• _Extracted material_:
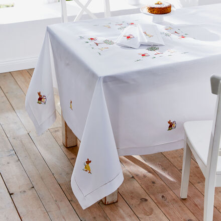 Feine Tischwäsche für die Osterzeit Erstklassige Tischdecke handbestickt Dekorativer Hohlsaum Dichtes Gewebe aus langstapeliger Baumwolle Plastische Hasenmotive in verschiedenen Sticktechniken Jedes Teil handgefertigt Sorgfältig gearbeitet mit doppelt gelegtem Saum und Couvertecken Tischdekoration vom Feinsten bietet die Premium-Tischwäsche, die sorgfältig mit Liebe zum Detail von Hand mit einem feinen Motive mit Hasen für die Osterzeit bestickt wurde Dafür wurden die flächigen Motive in die Servietten im Plattstich gestickt Feine Details wie die Blütenstengel sind wie gedrehte Schnüre im Stielstich gearbeitet So ist jede Tischdecke ein handwerkliches Unikat Je nach Lichteinfall erscheinen die Darstellungen geradezu plastisch und lebendig Die Tischwäsche ist aus einem sehr feinen und dichten Gewebe aus langstapeliger Baumwolle mit dekorativem Hohlsaum aus behutsam gezogenen Fäden gefertigt.
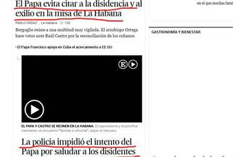 Como parte de la guerra subversiva de los medios apegados a la recalcitrante derecha, se ven en el deber de manipular, subvertir y mentir todo lo relacionado con la visita del Papa Francisco a Cuba. El País, un medio que a viva voz dijo que sería el principal medio que atacaría con todas sus fuerzas a la Revolución Cubana.
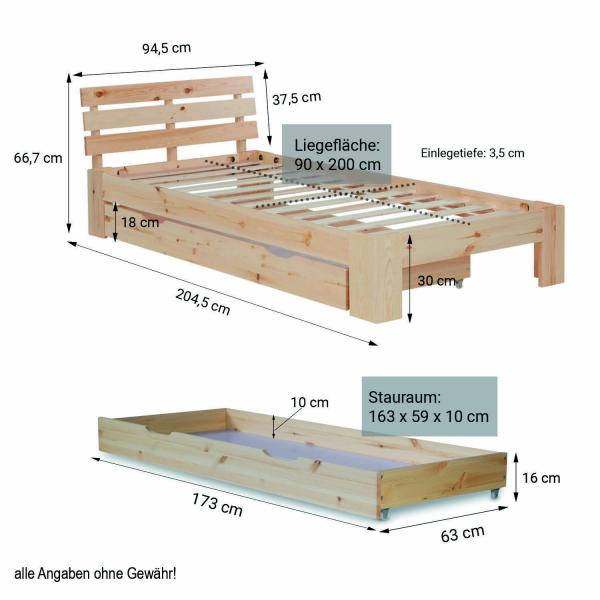 - Einzelbett 90 x 200 cm inklusive Bettschublade
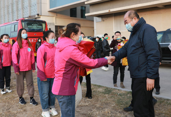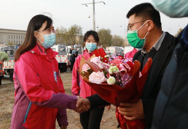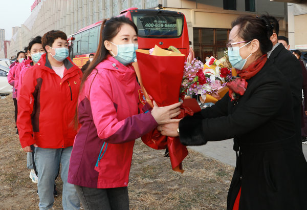 10月25日,齐医附属二院支援大庆、黑河核酸采集队20名白衣战士结束了支援任务,解除集中隔离医学观察后平安回家。院长党委副书记武立刚、副院长鲍红光、赵玉环、纪委书记李亚洲院领导班子、相关科室负责人、干部职工及家属前往集中隔离点热烈欢迎核酸采集队平安归来。
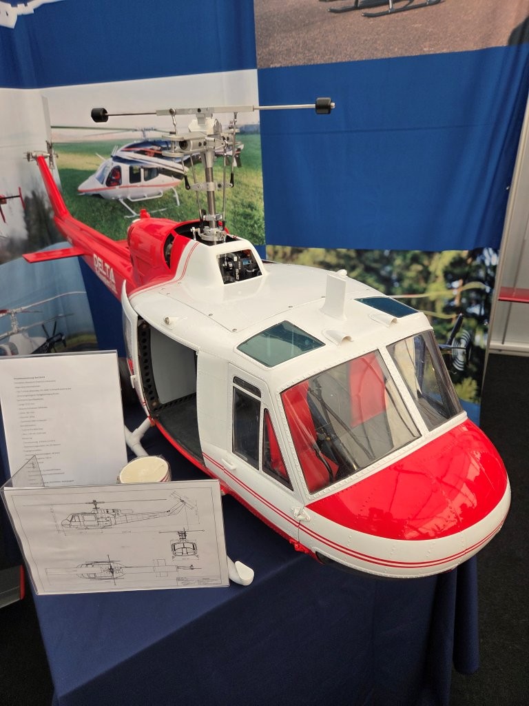 Anbei einige Bilder unseres Messestandes. Neben dem bereits bekannten Koaxialrotor-Trainer mit dem gegenläufigen Rotorsystem mit einem Rotordurchmesser von 2,0 m bzw. 2,4 m, wurde auch die Rumpzelle der Kamov Ka-52 mit eingebauter Benzinmotor-Mechanik gezeigt (Maßstab 1 : 6). Eine Turbinen-Einbaumechanik rundete das Thema Koaxialrotor-System ab.

• _What is expected_: Return every line of the records exactly as given, pictures excluded.

• _Response box_:
 Feine Tischwäsche für die Osterzeit Erstklassige Tischdecke handbestickt Dekorativer Hohlsaum Dichtes Gewebe aus langstapeliger Baumwolle Plastische Hasenmotive in verschiedenen Sticktechniken Jedes Teil handgefertigt Sorgfältig gearbeitet mit doppelt gelegtem Saum und Couvertecken Tischdekoration vom Feinsten bietet die Premium-Tischwäsche, die sorgfältig mit Liebe zum Detail von Hand mit einem feinen Motive mit Hasen für die Osterzeit bestickt wurde Dafür wurden die flächigen Motive in die Servietten im Plattstich gestickt Feine Details wie die Blütenstengel sind wie gedrehte Schnüre im Stielstich gearbeitet So ist jede Tischdecke ein handwerkliches Unikat Je nach Lichteinfall erscheinen die Darstellungen geradezu plastisch und lebendig Die Tischwäsche ist aus einem sehr feinen und dichten Gewebe aus langstapeliger Baumwolle mit dekorativem Hohlsaum aus behutsam gezogenen Fäden gefertigt.
 Como parte de la guerra subversiva de los medios apegados a la recalcitrante derecha, se ven en el deber de manipular, subvertir y mentir todo lo relacionado con la visita del Papa Francisco a Cuba. El País, un medio que a viva voz dijo que sería el principal medio que atacaría con todas sus fuerzas a la Revolución Cubana.
 - Einzelbett 90 x 200 cm inklusive Bettschublade
 10月25日,齐医附属二院支援大庆、黑河核酸采集队20名白衣战士结束了支援任务,解除集中隔离医学观察后平安回家。院长党委副书记武立刚、副院长鲍红光、赵玉环、纪委书记李亚洲院领导班子、相关科室负责人、干部职工及家属前往集中隔离点热烈欢迎核酸采集队平安归来。
 Anbei einige Bilder unseres Messestandes. Neben dem bereits bekannten Koaxialrotor-Trainer mit dem gegenläufigen Rotorsystem mit einem Rotordurchmesser von 2,0 m bzw. 2,4 m, wurde auch die Rumpzelle der Kamov Ka-52 mit eingebauter Benzinmotor-Mechanik gezeigt (Maßstab 1 : 6). Eine Turbinen-Einbaumechanik rundete das Thema Koaxialrotor-System ab.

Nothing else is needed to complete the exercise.